412 000 произведений, 108 200 авторов.

Электронная библиотека книг » Андрей Баумейстер » На пути к мышлению или интеллектуальные путешествия в страну Философию » Текст книги (страница 15)
На пути к мышлению или интеллектуальные путешествия в страну Философию
  • Текст добавлен: 26 июня 2025, 07:22

Текст книги "На пути к мышлению или интеллектуальные путешествия в страну Философию"


Автор книги: Андрей Баумейстер


Жанр:

   

Философия


сообщить о нарушении

Текущая страница: 15 (всего у книги 23 страниц)

2.3 Что такое знание?

Мы уже выяснили, что знание имеет различную природу. Есть практическое знаниезнание как», knowing how) – от навыков и умений, от различных проявлений практического мастерства – вплоть до моральной и справедливой жизни в сообществе. А есть теоретическое знаниезнание что», knowing that), когда мы спрашиваем, что такое игра в теннис в отличие от игры в бадминтон, что такое живопись в отличие от покраски стен или что такое справедливый поступок или справедливые законы в отличие от произвола и бесправия. «Знание как» и «знание что» находятся в постоянном взаимодействии, но очевидным образом различаются между собой. Можно знать, что такое игра в теннис или написание пейзажа, но не знать, как это делается, не уметь играть или писать. Можно знать о правилах морали или принципах справедливости, но поступать аморально и несправедливо. «Знание что» является пропозициональным, а «знание как» не-пропозициональным знанием[69].

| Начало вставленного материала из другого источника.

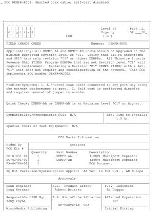 The FCO details a rework procedure, requiring the replacement of existing Revision "B1" DEMPRs (especially those from the Thinwire Interim Revenue Ship (TIRS) program) with Revision "C1" or higher units. The installation process involves verifying the new unit, carefully removing the old DEMPR and its connections, installing the new unit, reconnecting all cabling, running self-test diagnostics, and finally verifying proper network operation. It also emphasizes replacing the old installation guide (EK-DEMPR-IN) with the new one (EK-DEMPR-UG-001) which is compatible with "C1" and later revisions.
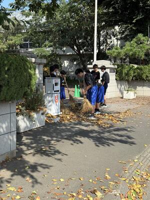 そんな中、男子バスケットボール部の生徒たちが率先して校門周辺の清掃活動に取り組んでくれました。竹ぼうきを手に仲間同士で声を掛け合いながら手際よく作業を進め、みるみるうちに正門周辺や学校周りが綺麗になりました。落ち葉を集めきれいに片づける姿には、部活動で培った協力とチームワークがにじみ出ており、見ていて大変頼もしさを感じました。
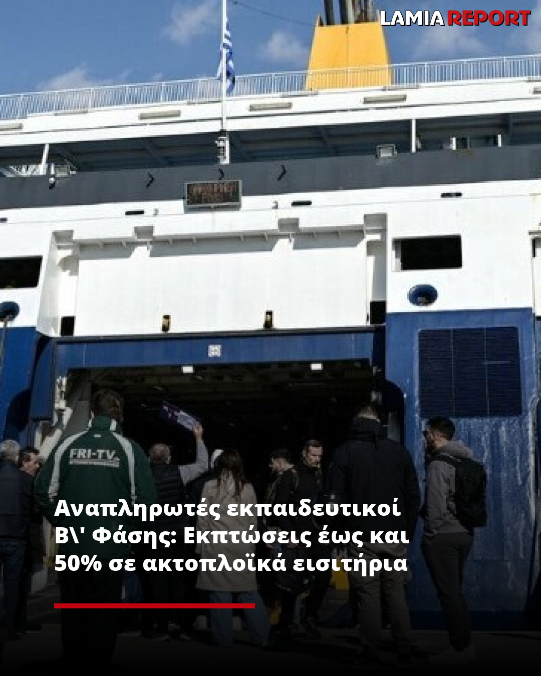 Με κοινή πρωτοβουλία των υπουργείων Παιδείας, Θρησκευμάτων και Αθλητισμού και Ναυτιλίας και Νησιωτικής Πολιτικής, ανακοινώνονται εκπτώσεις έως και 50% στα ακτοπλοϊκά εισιτήρια των αναπληρωτών εκπαιδευτικών της Β' φάσης προσλήψεων, προκειμένου να μεταβούν στην περιοχή τοποθέτησής τους, στο πλαίσιο ανάληψης των καθηκόντων τους.
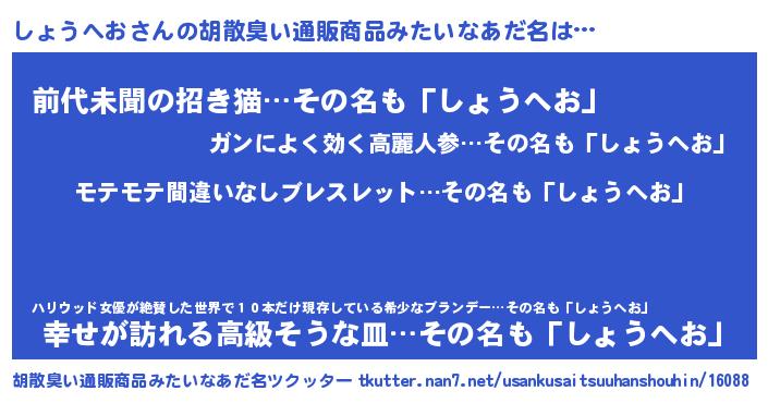 | 意味不明あだ名 | 『ペロリンしょうへお』『自称しょうへお』 |
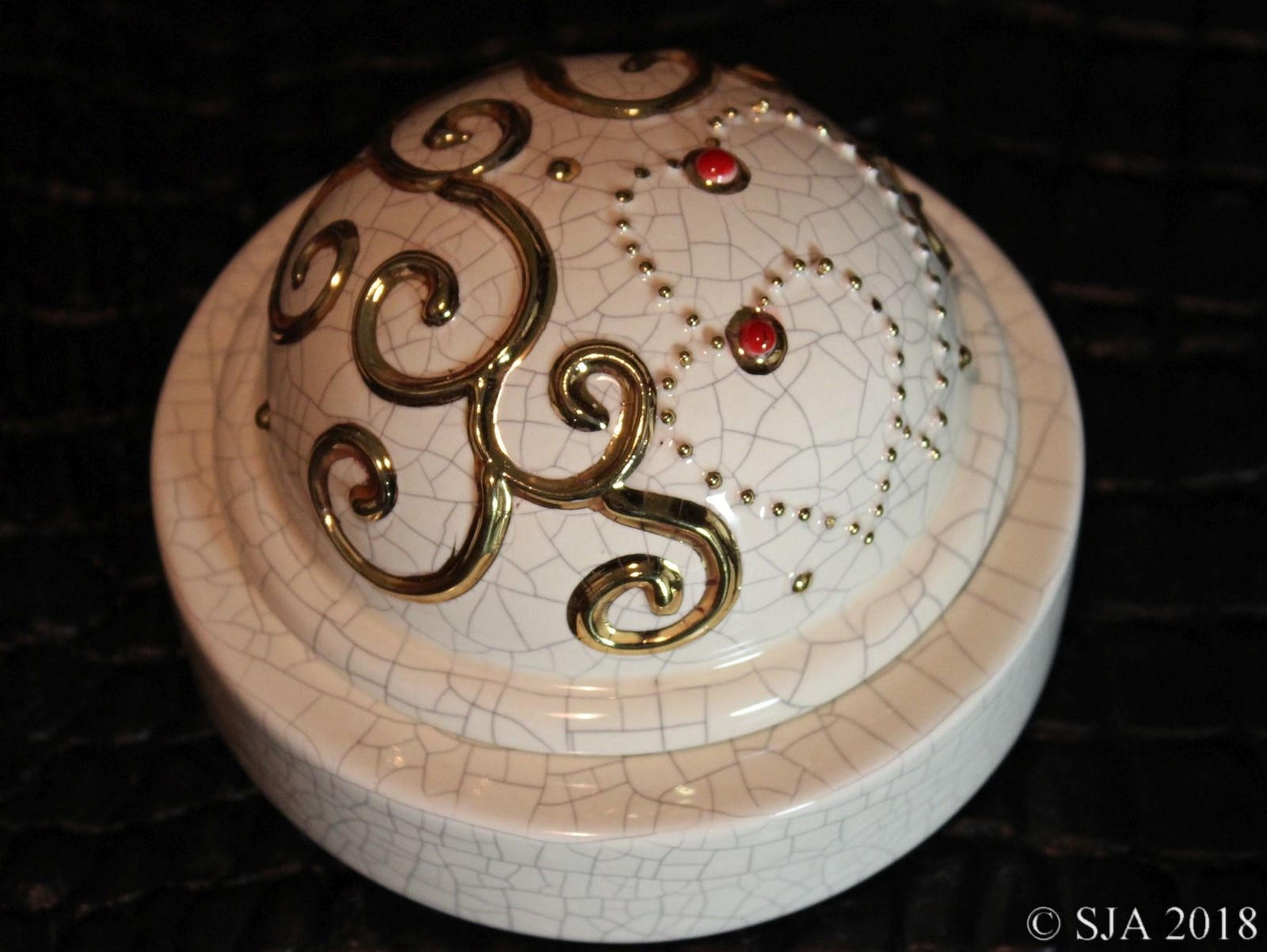 Décor original doré à l'or fin sur fond Ivoire craquelé.
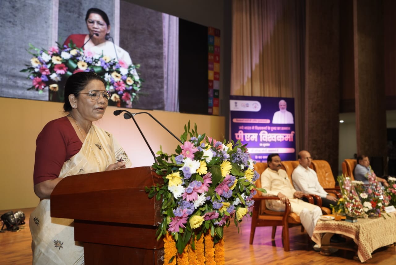 कार्यक्रम को संबोधित करते हुए केंद्रीय जनजातीय कार्य राज्यमंत्री, श्रीमती रेणुका सिंह ने कहा कि हमने पारंपरिक कामों को छोड़ दिया है और उन पारंपरिक कामों को बढ़ावा देने के लिए ही पीएम विश्वकर्मा योजना प्रारम्भ की जा रही है । उन्होंने कहा कि प्रधानमंत्री नरेंद्र मोदी देश के शिल्पकारों और कारीगरों को सशक्त बनाने के लिए लगातार कार्य कर रहे हैं । केन्द्रीय मंत्री ने कहा कि आज शुरू हुई पीएम विश्वकर्मा योजना से न सिर्फ शिल्पकारों- कारीगरों का सम्मान बढ़ेगा बल्कि उनकी आजीविका के अवसर बढ़ेंगे और उनका भविष्य उज्जवल होगा ।
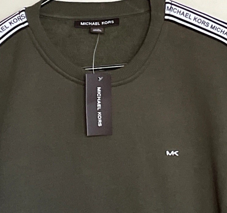 128 Michael Kors Olive Logo Striped Trim Crewneck Pullover Sweatshirt women's S

Важно ввести еще одно различение типов знания. Что-то мы знаем на основании опыта. Например, вкус этого шоколада или аромат этого вина я получил из непосредственного опыта. Точно так же я на собственном опыте познал любовь или измену. Такое знание называют эмпирическим или апостериорным (от латинского оборота a posteriori – от последующего). Но часть наших знаний мы получаем не с помощью непосредственного опыта, а на основании чисто рациональных соображений, на основании только разума. Например, 1 х 1 = 1. Такое знание называют неэмпирическим или априорным (от латинского оборота a priori – от предшествующего). Философы всегда дискутировали, какое из знаний, эмпирическое или априорное, является главным и основополагающим. Эти дискуссии продолжаются до сих пор[70]. Также дискуссионным является вопрос, какое именно знание считать апостериорным, а какое априорным.

Вот несколько примеров разного понимания (высказывания о причинах и математическое высказывание).

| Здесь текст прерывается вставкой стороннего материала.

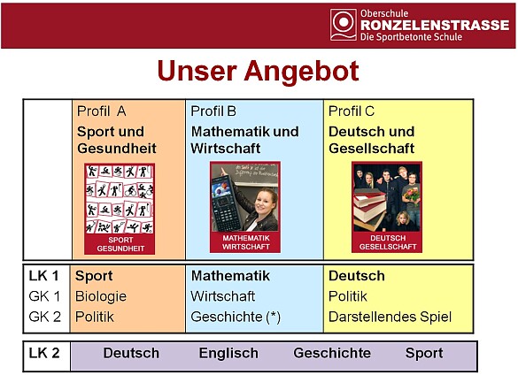 Im Januar war es mal wieder soweit. Die Lehrkräfte der Oberstufe stellten den Eltern und Schülern der neuen GyO ihre Vision der Profilleistungskurse vor. Mathematik, Englisch, Sport, Geschichte und Deutsch. Besonders die Sport-Variante als Leistungskurs ist an unserer Schule für die neuen Interessierten von entscheidender Bedeutung. Nicht zuletzt durch die neue doppelstöckige Turnhalle (unser neues Sportzentrum), die letztes Jahr eingeweiht werden konnte, nach nur einem Jahr Bauzeit. Alle Ronzelener sind stolz auf diese exklusive Leistung und Möglichkeit, Sport in allen Facetten, bis hin zu olympischen Ereignissen, erlebbar zu machen. Der Infoabend bot für alle Beteiligten die Gelegenheit, sich ausführlich an den Ständen der einzelnen Leistungskurse zu orientieren, Fragen zu stellen und sich darüber klar zu werden, was für die kommenden Schüler geboten wird. Es fand ein reger Austausch zwischen Lehrern, Eltern und Schülern statt, der an diesem Abend nur den Anfang für eine gemeinsame Zusammenarbeit darstellt, um den kommenden Schülern eine möglichst intensive und erfolgreiche letzte Phase ihrer Schulzeit zu ermöglichen.

(1) «Все события, которые мы воспринимаем в нашем опыте, имеют причину».

A. Для Декарта это аналитическое суждение a priori (то есть сугубо рациональное суждение, основанное на чистом разуме).

B. Для Юма это синтетическое суждение a posteriori (то есть сугубо опытное суждение).

C. Для Канта это синтетическое суждение a priori (то есть априорное суждение, имеющее отношение к опыту).

(2) 7+5=12

A. Для Декарта и Юма это аналитическое суждение a priori.

B. Для Канта это синтетическое суждение a priori.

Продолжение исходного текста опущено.